I haven't touched much on fishing, and I didn't in our post on World War One as well. That's really a significant omission.

One really notable development in the past few decades has been the development of "catch and release" fishing.  This really didn't exist when I was a kid and I frankly find it odd now.

Almost all of the men I at least somewhat knew when I was a kid fished, and frankly a huge number of them do now as well.  But the fishing when I was young implied fishing for the table.  People did let fish go, but if they were really too small to eat.  Going out and fishing for a day and letting everything go would not have occurred and frankly it's an odd thing to do from my prospective now.  I get why its done, but living a bit closer to nature than most, I still find it odd.

One thing that was notable to me even when I was young was that the men who grew up here who came of age in the 1940s tended to be fishermen first and hunters second. They did both, but they were inclined somewhat more strongly towards fishing.  Men who grew up after that, and now women, tend to be hunters first and fishermen second.  Men who grew up in neighboring Nebraska in the 40s, however, tended to be bird hunters overall.  Men who came from neighboring Montana were almost always big game hunters.

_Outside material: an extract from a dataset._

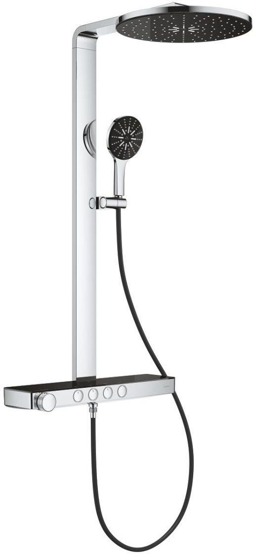 Parametry produktu: Opis produktu: Grohe Spa Rainshower Aqua Pure Zestaw prysznicowy termostatyczny natynkowy z deszczownicą Producent: Grohe Seria: Rainshower Aqua Pure Kod produktu: 101680KI00 Kolor: Czarny / chrom Typ: Termostatyczny / z deszczownicą Montaż: Natynkowy Długość ramienia: 43,5 cm Średnica deszczownicy: 36 cm Długość węża: 175 cm SmartControl bateria termostatyczna natynkowa w metalowej obudowie Przełącznik: Deszczownica / słuchawka prysznicowa Rainshower Aqua Duo: Okrągła deszczownica; akrylowa tarcza natrysku, czarna Kąt obrotu deszczownicy: 0-30° Strumień deszczownicy: GROHE PureRain, ActiveRain Rainshower Aqua 130: Słuchawka prysznicowa (101 676), akrylowa tarcza natrysku, czarna Strumień słuchawki: GROHE Rain, Rain+ i ActiveMassage Regulowany uchwyt słuchawki GROHE Rainshower Aqua Pure: Usuwa chlor i zapach (słuchawka prysznicowa) GROHE SmartTip: Wybór strumienia natrysku przez naciśnięcie pierścienia na słuchawce GROHE EcoJoy: Mniejsze zużycie wody Maksymalne natężenie przepływu (przy 3 barach): 15 l/min GROHE SmartControl: Z metalowymi pokrętłami, uruchamianie / zatrzymanie przepływu poprzez naciśnięcie, regulacja przepływu: od oszczędnego strumienia GROHE Water Saving do pełnego przepływu Full Flow GROHE ProGrip: Metalowy uchwyt z radełkowaną strukturą GROHE TurboStat: Głowica termostatyczna GROHE SafeStop: Blokada na 38°C GROHE SafeStop Plus: W zestawie opcjonalny ogranicznik temperatury 43°C GROHE EasyReach: Zintegrowana półka (czarne szkło) GROHE DreamSpray: Perfekcyjny natrysk GROHE Long-Life: Trwała powłoka SpeedClean: System przeciw osadom wapiennym Wewnętrzny kanał wodny TwistStop: System zapobiegający skręcaniu węża prysznicowego GROHE CoolTouch: Brak ryzyka oparzeń o gorące powierzchnie Przystosowany do podgrzewaczy przepływowych o mocy min 18 kW Minimalny przepływ: 5 l/min Min. rekomendowane ciśnienie: 1,0 bar Wbudowana 6 V bateria litowa typu CR-P2 (42 886 000) Szacowana żywotność baterii: Ok. 10 lat Opcjonalnie: półka Rainshower Aqua (101 677) Rainshower Aqua Pure filtr (101 672 9990) w komplecie EAN: 4067393032427

Why this was never occurred to me but in retrospect I suspect it had to do with available game populations.  People hunted (and fishing is hunting) what was available.  In Wyoming, the fishing was good but the big game hunting really wasn't.  This must have been the case for Colorado as well, as Coloradans were heavily fishermen.  Elsewhere, other game animals were more available and that reflected in men's primary focus.  People did everything, but there was, and tends to remain, a focus.

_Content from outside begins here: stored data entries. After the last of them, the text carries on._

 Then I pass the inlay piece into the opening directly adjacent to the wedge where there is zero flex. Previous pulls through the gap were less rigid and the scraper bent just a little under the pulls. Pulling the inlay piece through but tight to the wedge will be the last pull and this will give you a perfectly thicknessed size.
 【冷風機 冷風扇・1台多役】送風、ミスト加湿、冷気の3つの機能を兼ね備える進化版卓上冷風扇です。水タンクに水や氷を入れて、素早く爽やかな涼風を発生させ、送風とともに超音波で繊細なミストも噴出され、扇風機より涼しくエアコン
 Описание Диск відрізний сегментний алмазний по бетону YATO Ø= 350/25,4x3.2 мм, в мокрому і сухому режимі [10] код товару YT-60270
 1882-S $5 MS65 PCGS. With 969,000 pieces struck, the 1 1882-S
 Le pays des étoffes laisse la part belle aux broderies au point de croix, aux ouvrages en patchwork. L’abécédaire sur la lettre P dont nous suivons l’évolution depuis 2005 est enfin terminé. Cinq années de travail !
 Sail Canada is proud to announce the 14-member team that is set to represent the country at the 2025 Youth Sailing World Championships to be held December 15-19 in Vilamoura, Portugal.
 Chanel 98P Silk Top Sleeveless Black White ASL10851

Anyhow, around here I know the fishing was good and all the men who grew up in the 40s had lots of stories about fishing.  They did a lot of it.  The fishing was for the table.  For men who came from Catholic or Orthodox families, moreover, fishing for the table meant fresh fish on Fridays, something that really mattered during a time when all Friday's were meatless.  That rule had become so habituated with my family that, as my father fished at least twice a week during the warm months, that we routinely had fish on Fridays long after it ceased to be a requirement.***

One thing about fishing that is different from hunting is that in some places you can do it basically in town, or very close to town.  In my area a major river runs through town, for example.  Having said that, it's also the case that it wasn't until the Clean Water Act of the 1970s that a lot of water in and around towns was safe to really take much out of, at least near town.  Here too, in my area three refineries bordered the river, and that may be perhaps why I was in my 50s before I saw anyone fishing in town.

Also, in the West, the summertime control of rivers was extensive.  This simply isn't done now, but rivers wtih dams were often choked down to nothing.  In Wyoming this is only done now in the are of Guernsey for some reason, but it was widely done in the 1940s.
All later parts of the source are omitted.